14. September 2017

Winfried Muthesius and Georges Rousse at art berlin

At art berlin, the fair for modern and contemporary art, over 100 national and international galleries are represented from more than ten countries. In their midst – at the Galerie Springer stand –  Winfried Muthesius, Aitor Ortiz, Edward Burtinsky und Georges Rousse.

Winfried Muthesius in conversation with Robert Springer, art berlin, 2017

Winfried Muthesius with his pittura oscura, entitled “Angelus Novus”. Bathed in red, with its great depth and powerful radiance, it catches the attention.

The title has a history to it. It recalls the watercolour by Paul Klee,that was once owned by  Walter Benjamin.

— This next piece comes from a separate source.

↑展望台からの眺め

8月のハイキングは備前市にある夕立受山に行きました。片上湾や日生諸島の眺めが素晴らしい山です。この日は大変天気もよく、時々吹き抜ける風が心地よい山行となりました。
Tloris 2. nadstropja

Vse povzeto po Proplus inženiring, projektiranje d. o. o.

Benjamin wrote about it: “This is how one pictures the angel of history. His face is turned toward the past. Where we perceive a chain of events, he sees one single catastrophe which keeps piling ruin upon ruin and hurls it at his feet. The angel would like to stay, awaken the dead, and make whole what has been smashed.” While he is doing this, a storm approaches. Muthesius builds on this. He has placed a picture of a skull under the Angel of Peace, in Munich. The Angel, as a symbol and a messenger of peace, encounters a picture of death. As with Benjamin’s storm, which represents progress, so the skull picture is for Muthesius that essential something that alludes to the fragility of prosperity and beauty, to their reverse side. As he so often does, Muthesius also shows here, very subtly, that which is not a part of the Bel Etage, in the big city that typifies well-being and attractiveness. He wishes to sensitise us, to sharpen our eye for the pictures behind the screen.

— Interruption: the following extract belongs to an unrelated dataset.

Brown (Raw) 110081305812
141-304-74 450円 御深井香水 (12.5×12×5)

Right next to this picture at art berlin, and just as striking, hangs the work of Georges Rousse. He plays with the themes of architecture, painting and photography. Using elements of colour, light and architecture, he transforms the three-dimensionality of a room, an abandoned basement, into the two-dimensionality of an eye-catching photographic visual landscape. He lights the staircase leading upward using a brilliant silver spotlight. It is exciting to see how vision and reality become blurred for the viewer, although the rooms depicted by the artist are absolutely real.